Yep, even if it's worse for your mental and physical wellbeing. As I said, it doesn't matter if we are happy. It's built to only care about survival.


When you're new to boundaries, they are labeled as unsafe. So when you start setting boundaries, your brain labels this new thing as dangerous because it hasn't experienced it enough to anticipate what will happen. Your brain thinks it's safer not to set boundaries. So, you can understand why your brain tries to get you to stop by throwing everything it has at you. That can be guilt, shame, fear, overthinking, and anxiety.


Here is how you can outsmart your brain, plus 3 tips on how to soothe yourself...


Be prepared for when you're feeling guilty. Knowing this is an advantage because you can prepare yourself before your brain is trying to take you down. Here is the thing, you can't stop the grief. You can't stop feeling anxious. But you can build emotional resilience to do what's right for you even though it's hard.


Soothe yourself through the guilt. The only thing that will stop the guilt is continuously setting boundaries and over time your brain will know its safe to do. So the way to prepare for boundary setting guilt is to soothe yourself through it. The guilt is inevitable, what determines your growth is how you move forward despite feeling guilty.

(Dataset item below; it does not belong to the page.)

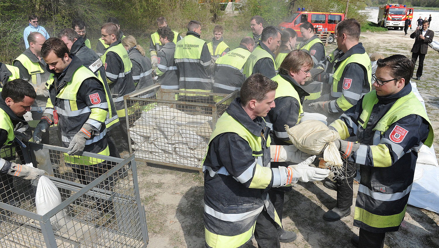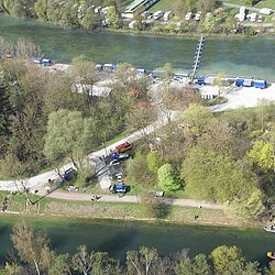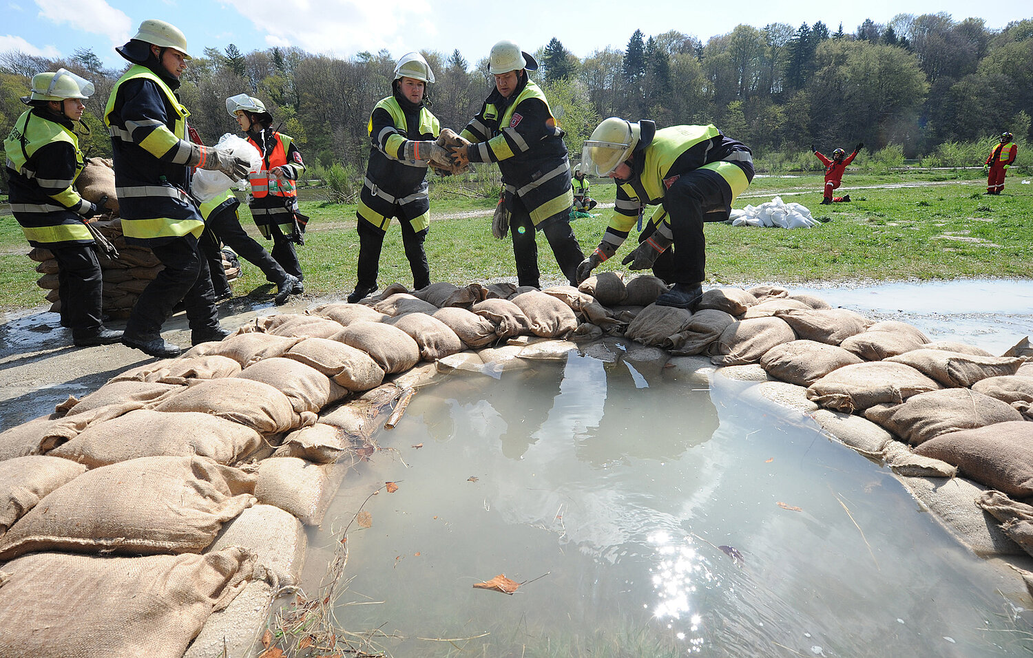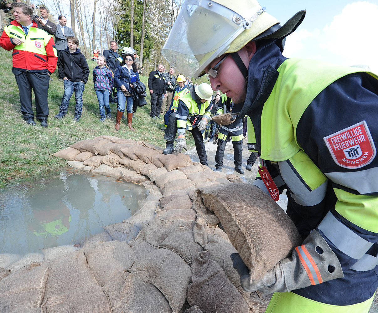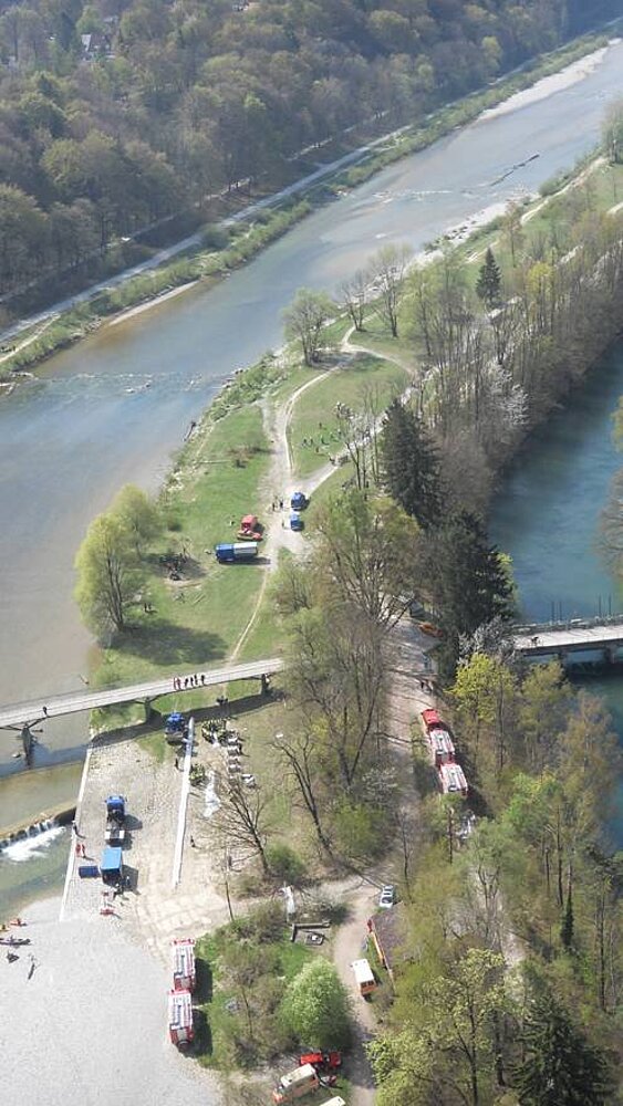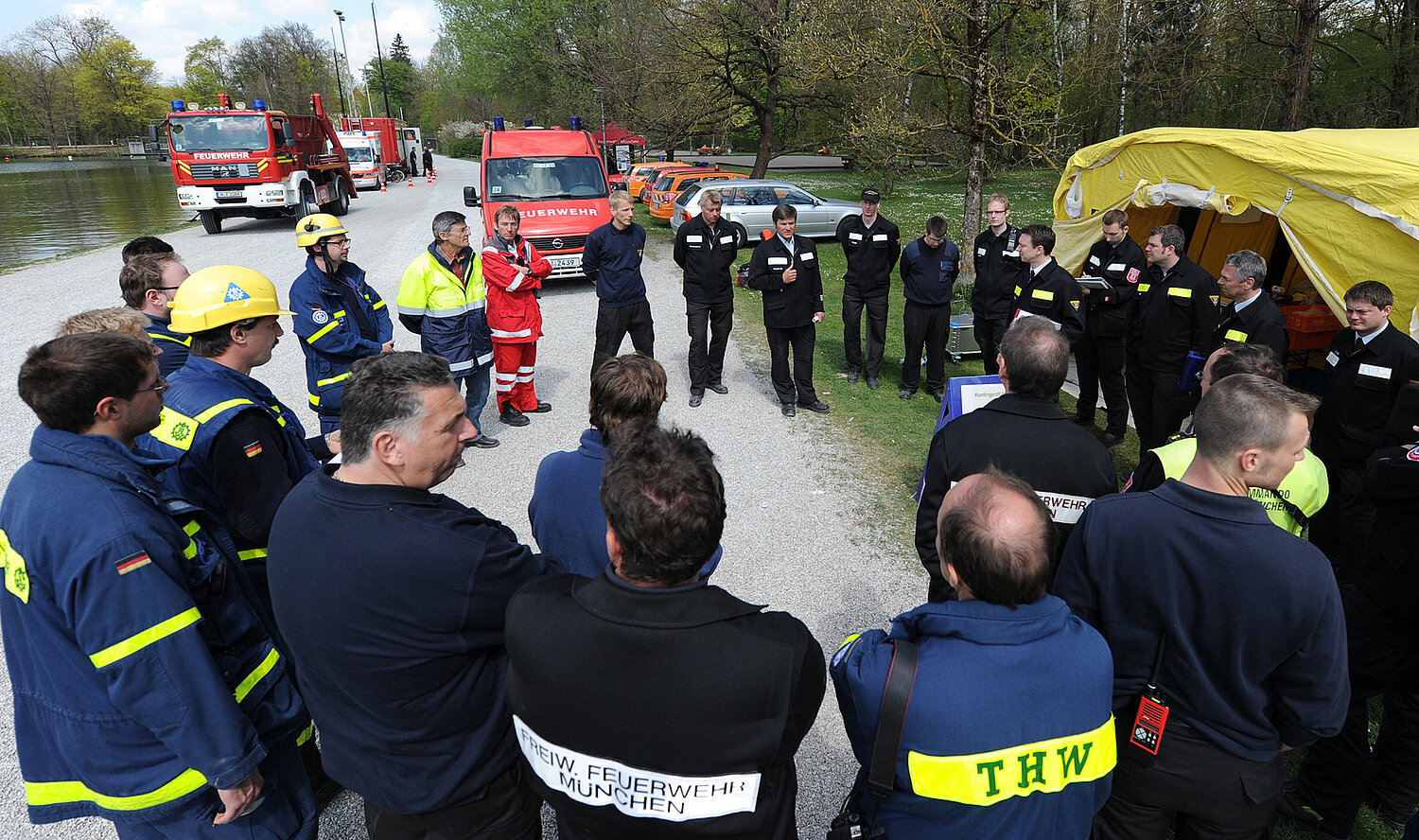 Am 16. April 2011 kurz nach 7 Uhr war es vorbei mit der Ruhe an der Floßlände im Münchner Süden. Mit dem Abladen der Sandfüllmaschinen sowie der Einrichtung einer sogenannten Örtlichen Einsatzleitung im Katastropheneinsatzleitfahrzeug (KELF) der Feuerwehr München, wurden letzte Übungsvorbereitungen getroffen.
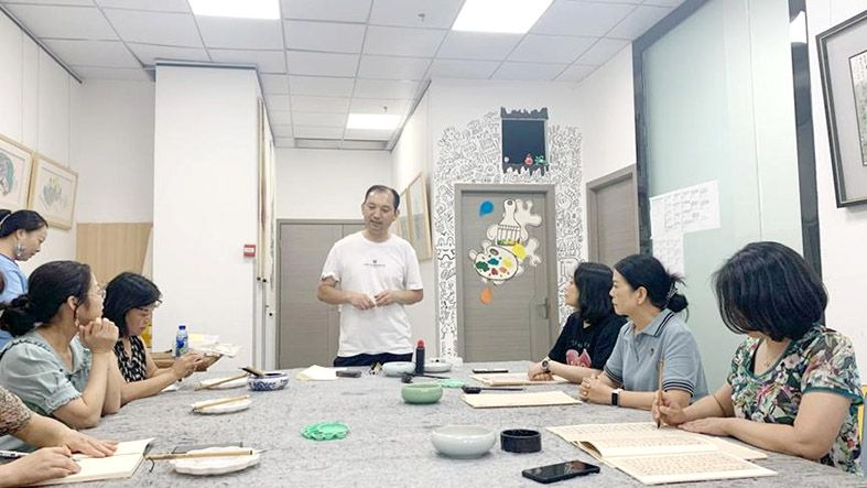 刘唐为大家一一介绍了中国书法的演变历史、毛笔书法的基础知识、毛笔书法技法入门训练等内容。大家听得津津有味,对书画艺术产生了浓厚的兴趣。

Here are 3 tips on how to soothe yourself:


  1. Call a friend. Call a friend who you can share your experience with, someone that knows that your goal is to set healthy boundaries, and someone who will cheer you on. This will help you shift your mindset and relax your nervous system.

  2. Give yourself what you need. How are you feeling after setting the boundary besides guilty? You could feel tired, so you can take a nap. You could feel anxious, so you could move your body in a way that feels good. You might feel tense, so take a bath. You could feel sad, so cry. Honour your emotions. Don't try to numb them. Feel through your feelings and prioritise self-soothing practices.

  3. Repeat a positive affirmation. When you get into a negative thought spiral, it can be paralysing. Have 3 readily available affirmations that promote a strong positive emotion. Repeat as needed until the thought spiral passes.